Abstract
There is conflicting information about the influence of body mass index (BMI) on the pharmacokinetics, toxicity, and outcome of chemotherapy. We compared pharmacokinetics, outcome, and toxicity data across 4 BMI groups (underweight, BMI ≤ 10th percentile; normal; at risk of overweight, BMI ≥ 85th and < 95th percentile; overweight, BMI ≥ 95th percentile) in 621 children with acute lymphoblastic leukemia (ALL) treated on 4 consecutive St Jude Total Therapy studies. Chemotherapy doses were not adjusted to ideal BMI. Estimates of overall survival (86.1% ± 3.4%, 86.0% ± 1.7%, 85.9% ± 4.3%, and 78.2% ± 5.5%, respectively; P = .533), event-free survival (76.2% ± 4.2%, 78.7% ± 2.1%, 73.4% ± 5.5%, and 72.7% ± 5.9%, respectively; P = .722), and cumulative incidence of relapse (16.0% ± 3.7%, 14.4% ± 1.8%, 20.6% ± 5.1%, and 16.7% ± 5.1%, respectively; P = .862) did not differ across the 4 groups. In addition, the intracellular levels of thioguanine nucleotides and methotrexate polyglutamates did not differ between the 4 BMI groups (P = .73 and P = .74, respectively). The 4 groups also did not differ in the overall incidence of grade 3 or 4 toxicity during the induction or postinduction periods. Further, the systemic clearance of methotrexate, teniposide, etoposide, and cytarabine did not differ with BMI (P > .3). We conclude that BMI does not affect the outcome or toxicity of chemotherapy in this patient population with ALL.
Introduction
The prevalence of obesity has increased substantially over the past few decades and is now about 15% among children and adolescents in the United States1 ; therefore, it is a factor frequently encountered in pediatric oncology. Reports of the influence of adult obesity on the outcome of cancer treatment2-6 and treatment-related toxicity4,6,7 are contradictory, and there are few reports for pediatric patients. The Children's Cancer Group (CCG) found that overweight children with acute myeloid leukemia (AML) are at greater risk of treatment-related complications8 and that overweight children with acute lymphoblastic leukemia (ALL) aged 10 years or older have a significantly greater risk of relapse and a lower probability of event-free survival (EFS).9 There is little information about the influence of underweight on the outcome of ALL,10-13 and most available reports10-12 are from developing countries. In children with AML, the CCG8 reported that underweight patients have a lower chance of survival and a greater risk of toxicity.

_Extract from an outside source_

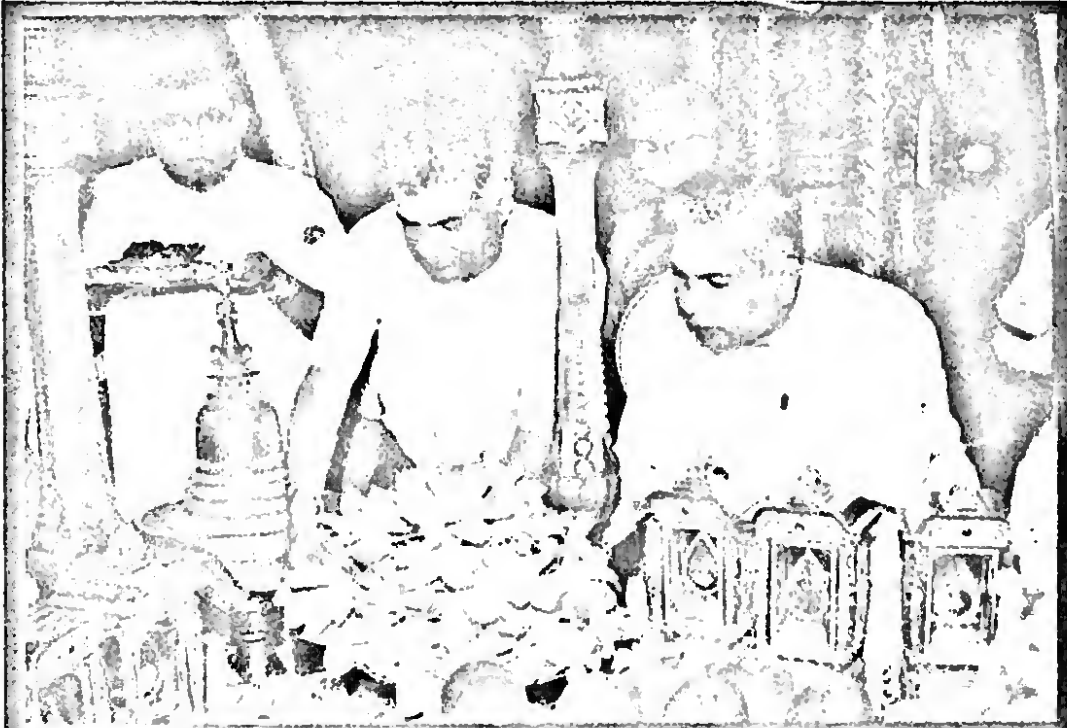
දේශප්‍රේමී ආගමිකයන් - ඉන්දියානු ජනපති පදවි ආනුභවය

Chemotherapy dosage for obese patients is often empirically reduced on the basis of ideal body weight because of concerns about excessive toxicity; however, dose reduction may compromise the outcome of treatment.14 There are very few reports15,16 comparing the pharmacokinetics of various drugs in either adult or pediatric obese patients and normal-weight controls, and these studies were done in very small patient groups. None of the studies found pharmacokinetic differences between overweight and non-overweight patients to be associated with clinical effects. We therefore retrospectively studied the influence of body mass index (BMI) on the outcome, toxicity, and, when available, pharmacokinetics of chemotherapy agents in children with ALL treated on 4 consecutive studies at St Jude Children's Research Hospital.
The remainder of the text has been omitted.